Manager: “Do you have a receipt from your purchase?”

Customer: “No! I shouldn’t need one! I’m in here all the time! You should give me my money back for last week!”

Manager: “I’m sorry, but I can’t just lower the price for you.”

Customer: *starts walking out* “I will never come back here! You are going to lose a customer over $0.25!”

(The manager does not respond, and the customer walks out. I pick up my cleaning supplies and turn to close the door, but before I can close it, the customer storms back in and marches up to the counter. The manager and I look at each other.)

Manager: “Did you want to purchase this?” *holds up the box she ordered*

Customer: “I don’t think you’re being very fair! How can you keep overcharging people and not feel bad?! All I want is my $0.25 back from what you overcharged me last week!”

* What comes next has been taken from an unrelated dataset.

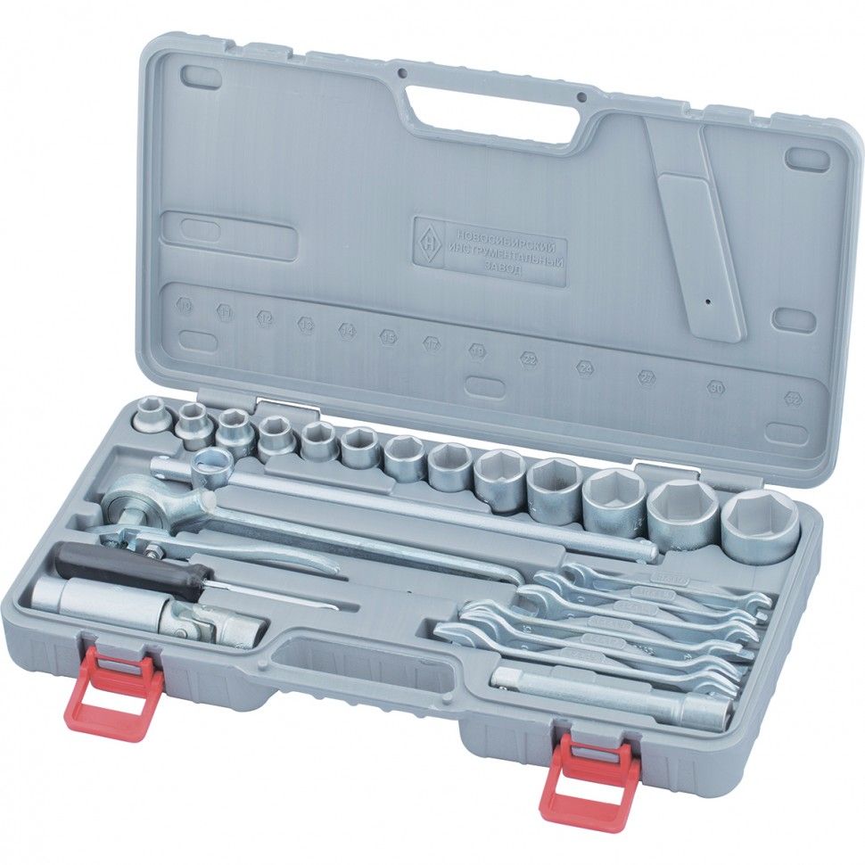 Набор «Автомобилист» НИЗ 13452 в пластиковом боксе предназначен для технического обслуживания машин и будет полезен автовладельцам. Его можно взять с собой в дорогу или использовать в гараже. Набор включает все необходимое для срочного ремонта: плоскогубцы, головку свечную 21 мм, отвертку, удлинитель для работы в труднодоступных местах, рожковые ключи, торцевые головки, шарнир и трещотку. ПреимуществаПрочность и высокий ресурс — элементы набора изготовлены из инструментальной стали 40Х, устойчивой к динамическим нагрузкам. Защита от коррозии — инструменты оцинкованы, поэтому не разрушаются под воздействием влаги. Универсальность — в комплект входит 13 торцевых головок на 10, 11, 12, 13, 14, 15, 17, 19, 22, 24, 27, 30 и 32мм. Быстрый монтаж и демонтаж резьбовых соединений с шестигранной головкой — в наборе 6 двусторонних гаечных ключей с открытым зевом типоразмера 8х10, 10х12, 12х14, 13х15, 14х17, 17х19. Комбинированная отвертка — можно работать с крепежными элементами типоразмера SL 6 и PH 3. Работа в труднодоступных местах — в комплект включены шарнир карданный и удлинитель 125 мм, а также небольшие плоскогубцы для надежного захвата и удерживания мелких деталей. Продуманная конструкция свечной головки — можно легко и безопасно установить или демонтировать свечу зажигания. Быстрый переход от монтажа к демонтажу — трещоточный ключ оснащен переключателем реверса. Удобное хранение и транспортировка — набор упакован в пластиковый кейс с указанием типоразмеров торцевых головок.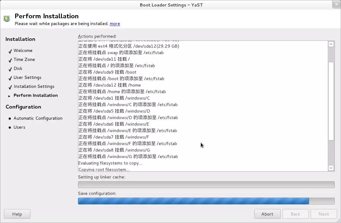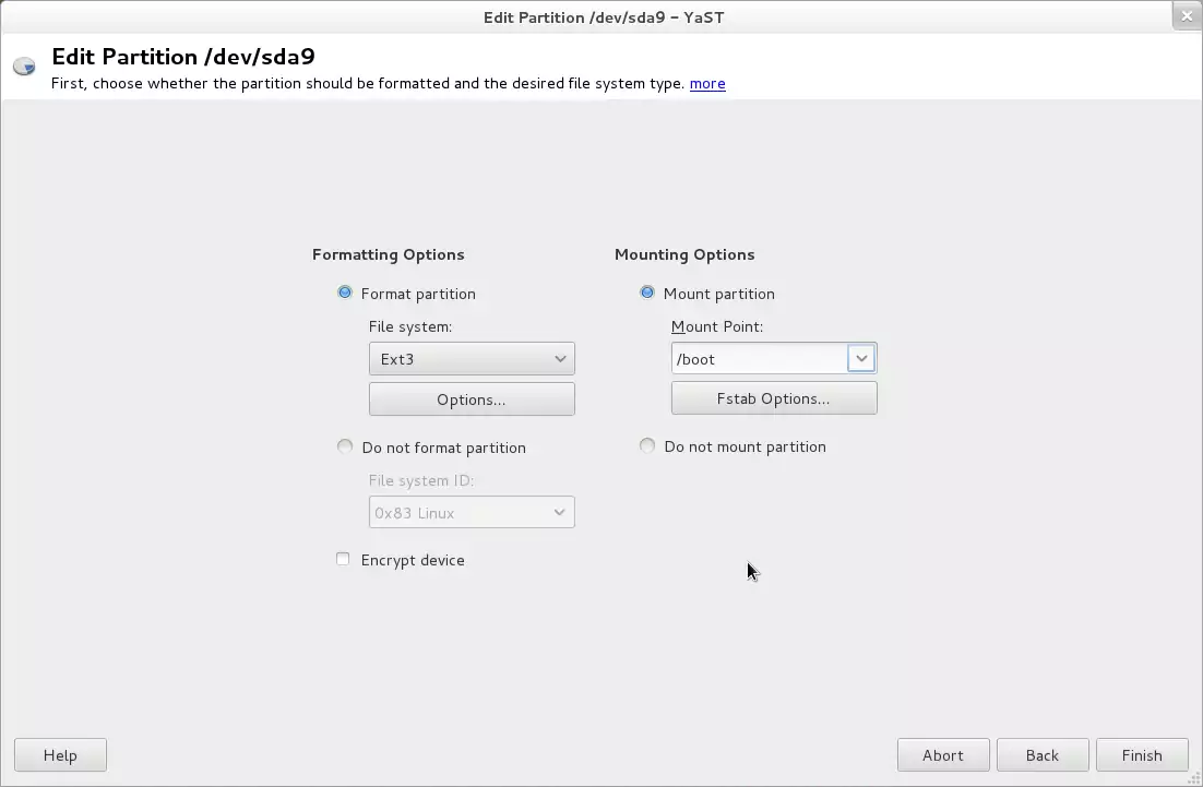 下面就是/dev/sda9的编辑页面,在此我们可以设置格式化选项(Formatting Options),挂载选项(Mounting Options)。参考/dev/sda9的设置,我相继完成来后面几个分区的编辑,完成后选择Next继续下一步安装。

Manager: “I can’t process a refund without a receipt, and I can’t know how much the box you bought last week would have weighed.”

Customer: “This is no way to treat loyal customers! I buy things here all the time! I can’t believe that you’re willing to lose a customer over $0.25! It’s just $0.25!”

Manager: “I’m sorry, but there’s nothing I can do for you unless you want to buy this.” *holds up box again*

Customer: “Absolutely unbelievable! You won’t do anything to help me!”

Manager: “I’m sorry, but those are company rules.”

Customer: “I can’t believe this! It’s just $0.25! You should be willing to treat a loyal customer with respect. You should give me back the money you overcharged me! You’re just soldiers of the company!” *storms out*

Me: *runs to the front and closes the door* “Did she just call us ‘soldiers of the company’?”

Manager: *starts unpacking the box and putting pieces back* “Yeah.”

Me: “Are you Lieutenant [Manager] now, or what?”

Manager: “I guess so.”

(For the next week, we referred to everyone by military ranks, and made ridiculous weapon titles for the different products. The customer actually worked for a store nearby in the mall and quickly hurried past us every time she had a shift.)